▸ **PROBLEM TO WORK ON**
Copy only what lies from the line containing "Так как ткань" through the line containing "Steep slope means" in the entries below, keeping both end lines exact and dropping every picture.
===== AVAILABLE RECORDS
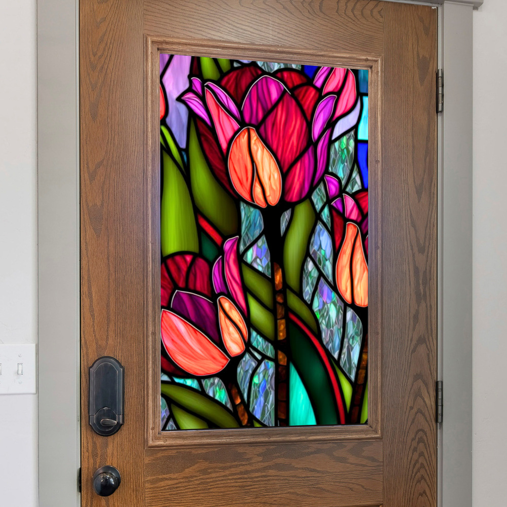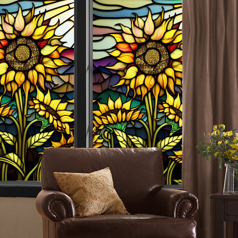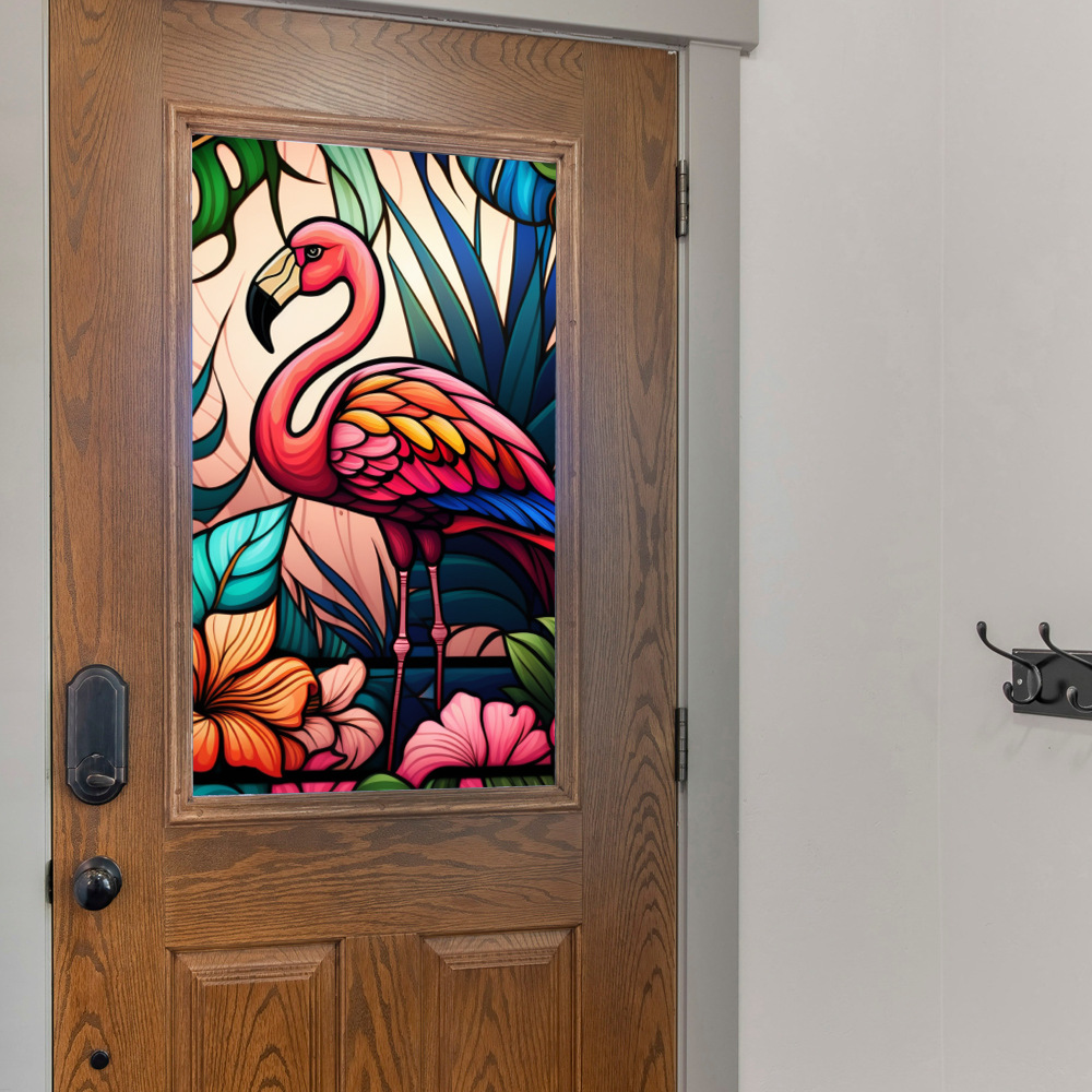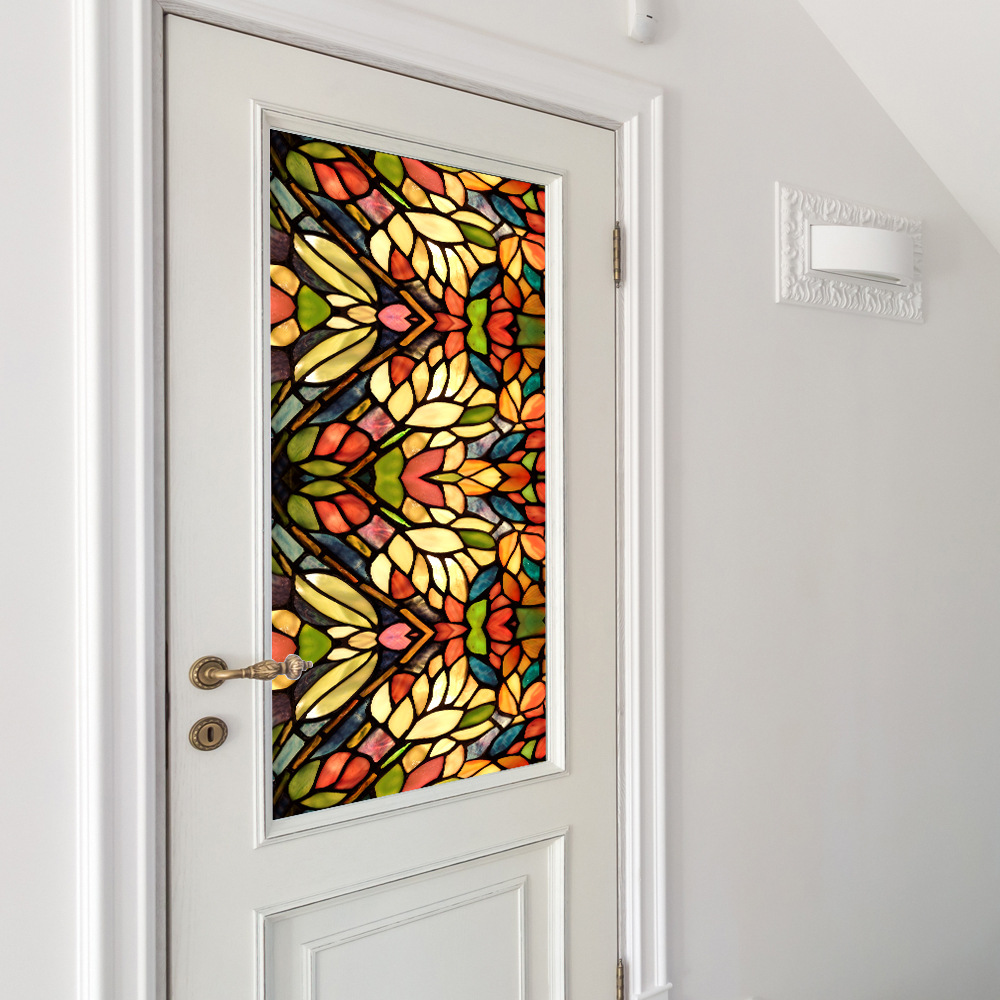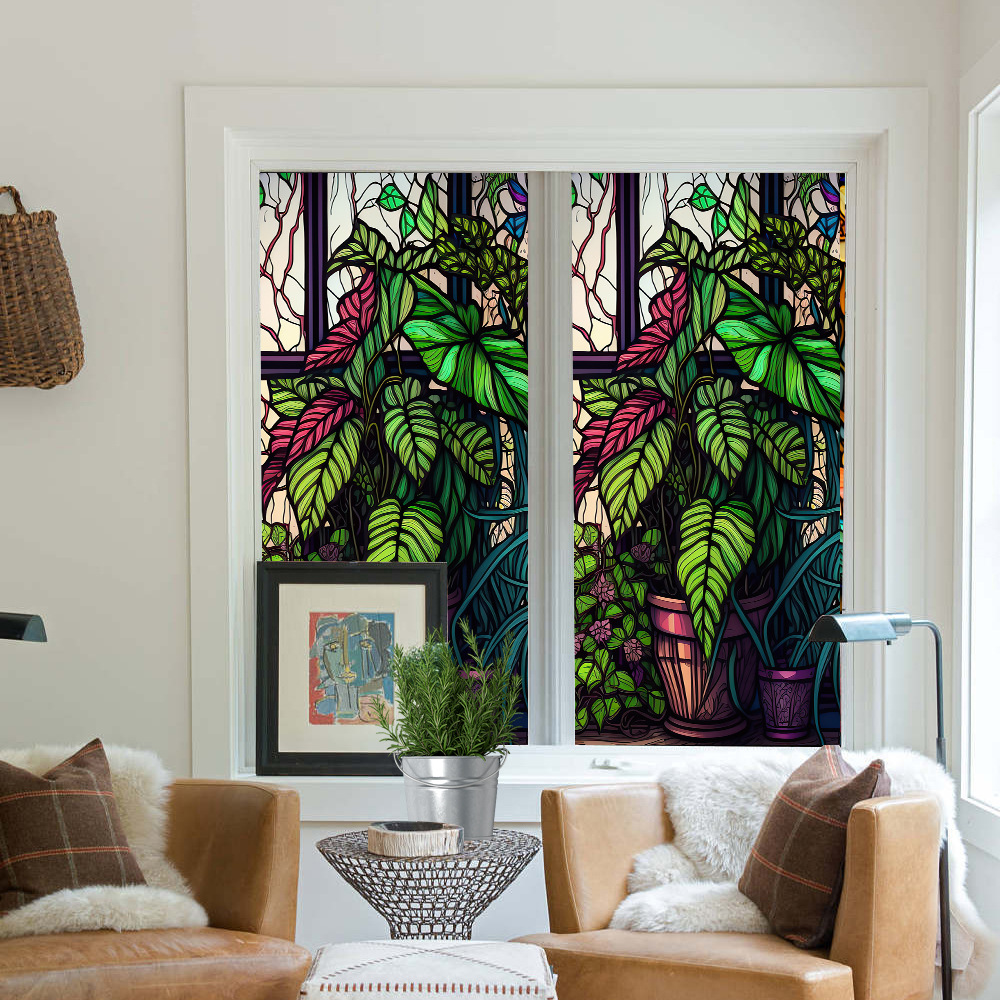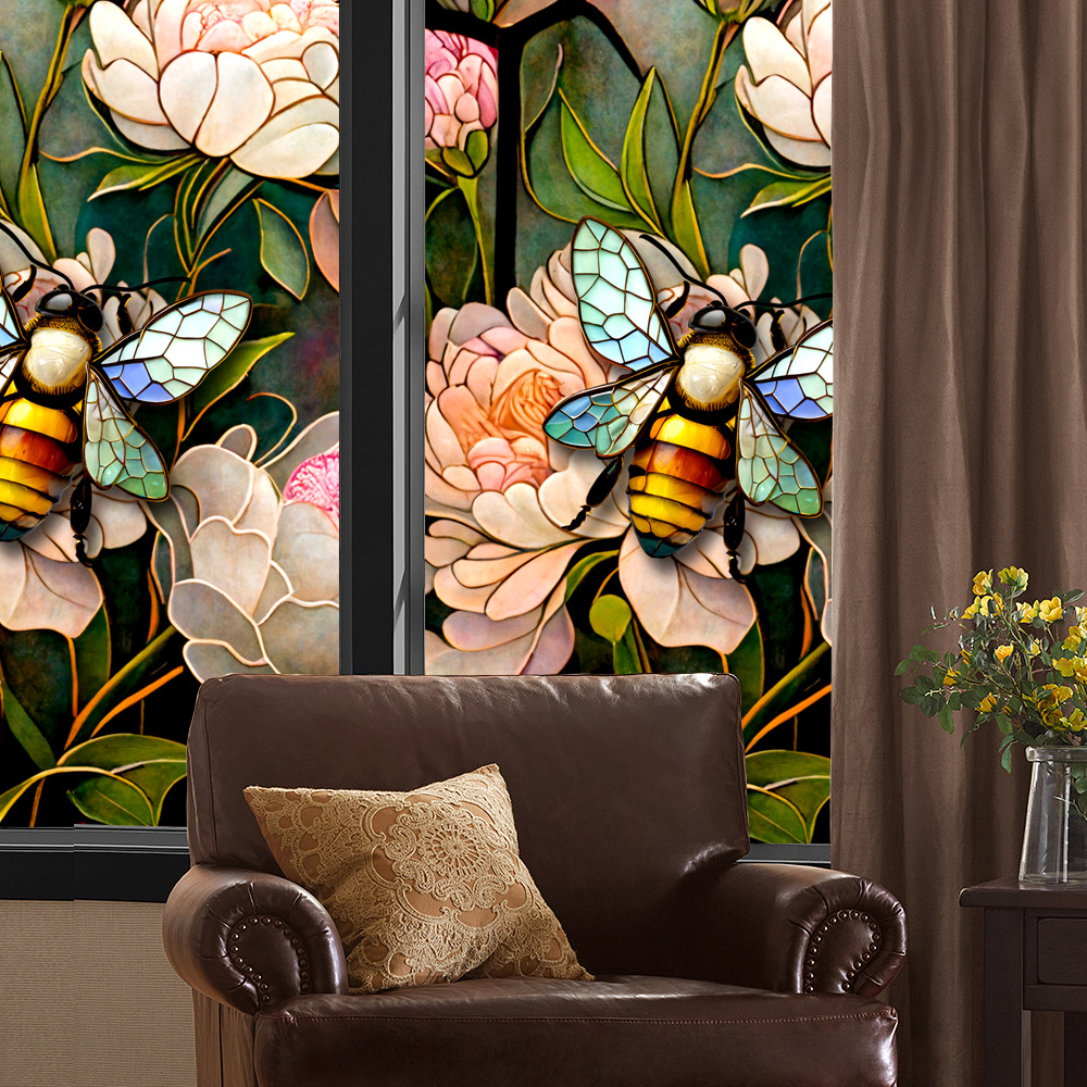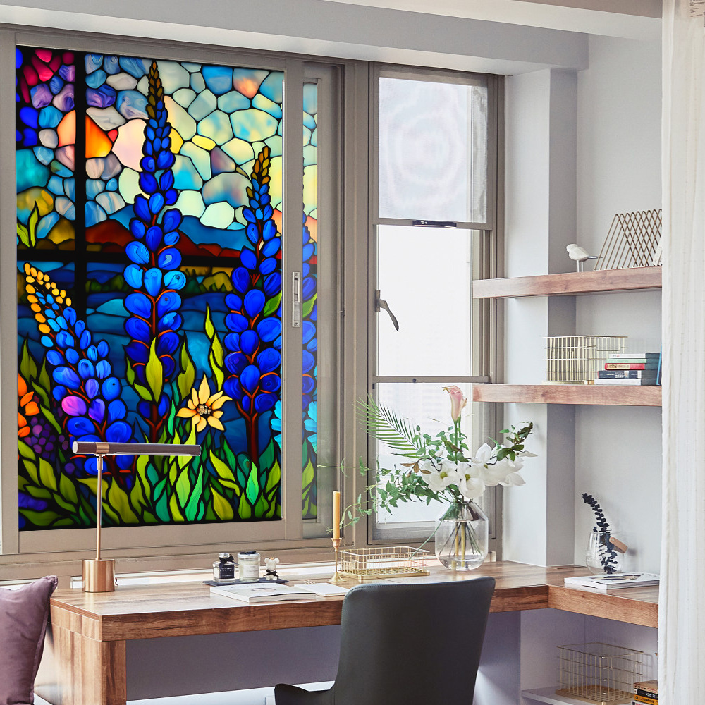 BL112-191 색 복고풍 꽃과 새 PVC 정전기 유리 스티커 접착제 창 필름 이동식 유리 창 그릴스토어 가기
==========
===== AVAILABLE RECORDS
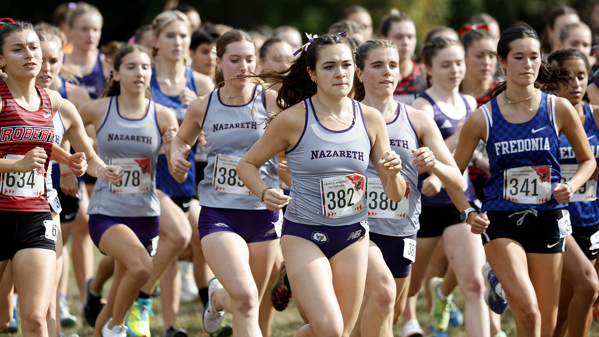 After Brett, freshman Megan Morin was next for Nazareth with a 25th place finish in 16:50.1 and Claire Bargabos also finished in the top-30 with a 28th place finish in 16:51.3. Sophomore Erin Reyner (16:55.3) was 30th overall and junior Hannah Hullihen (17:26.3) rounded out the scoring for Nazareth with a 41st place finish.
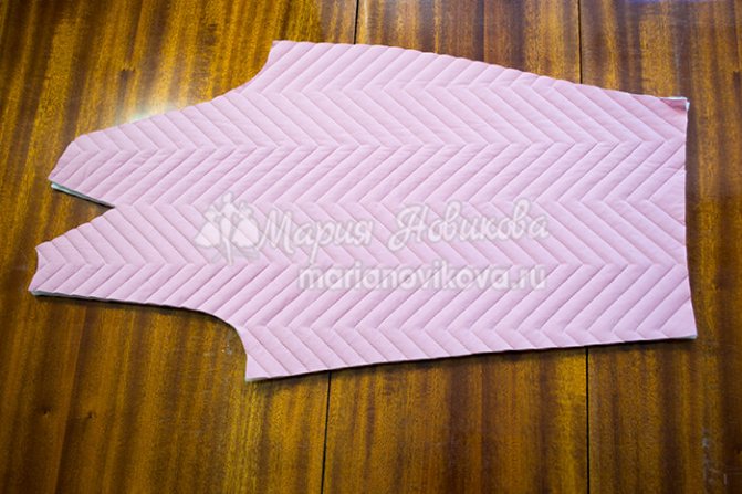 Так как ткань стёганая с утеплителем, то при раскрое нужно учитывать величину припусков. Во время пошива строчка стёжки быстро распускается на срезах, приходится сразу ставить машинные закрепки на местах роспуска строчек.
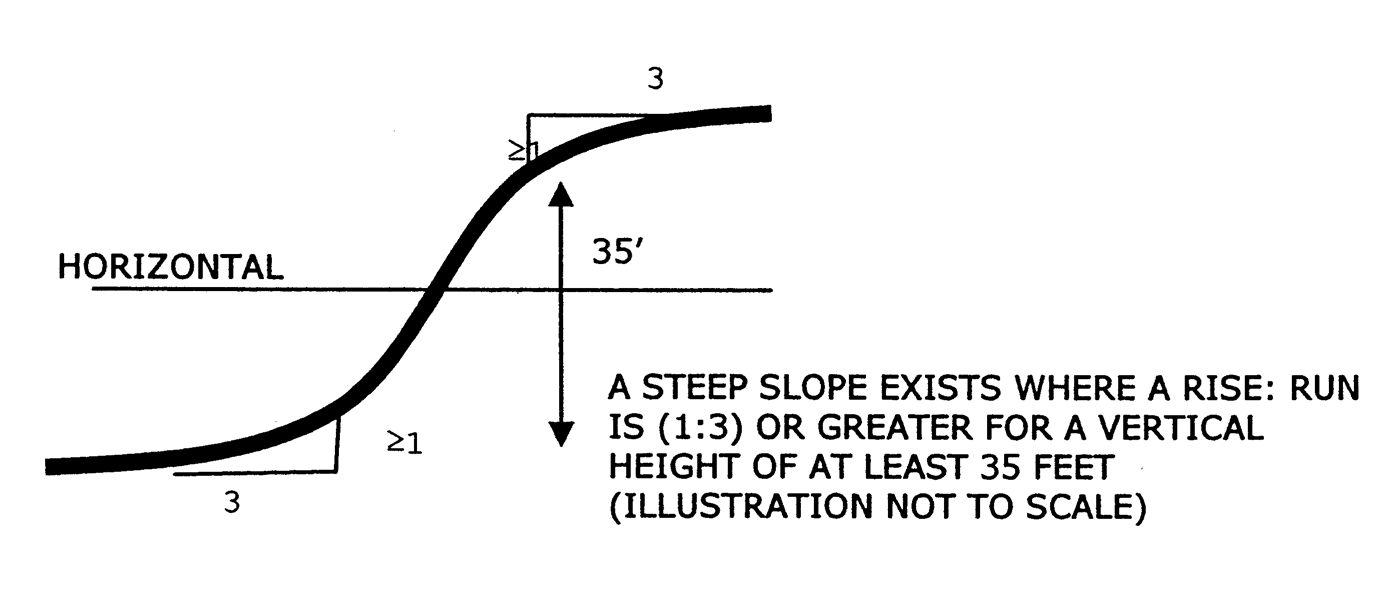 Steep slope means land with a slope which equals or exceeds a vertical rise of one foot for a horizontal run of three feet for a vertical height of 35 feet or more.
==========
▸ **SOLVED PROBLEM**
 Так как ткань стёганая с утеплителем, то при раскрое нужно учитывать величину припусков. Во время пошива строчка стёжки быстро распускается на срезах, приходится сразу ставить машинные закрепки на местах роспуска строчек.
 Steep slope means land with a slope which equals or exceeds a vertical rise of one foot for a horizontal run of three feet for a vertical height of 35 feet or more.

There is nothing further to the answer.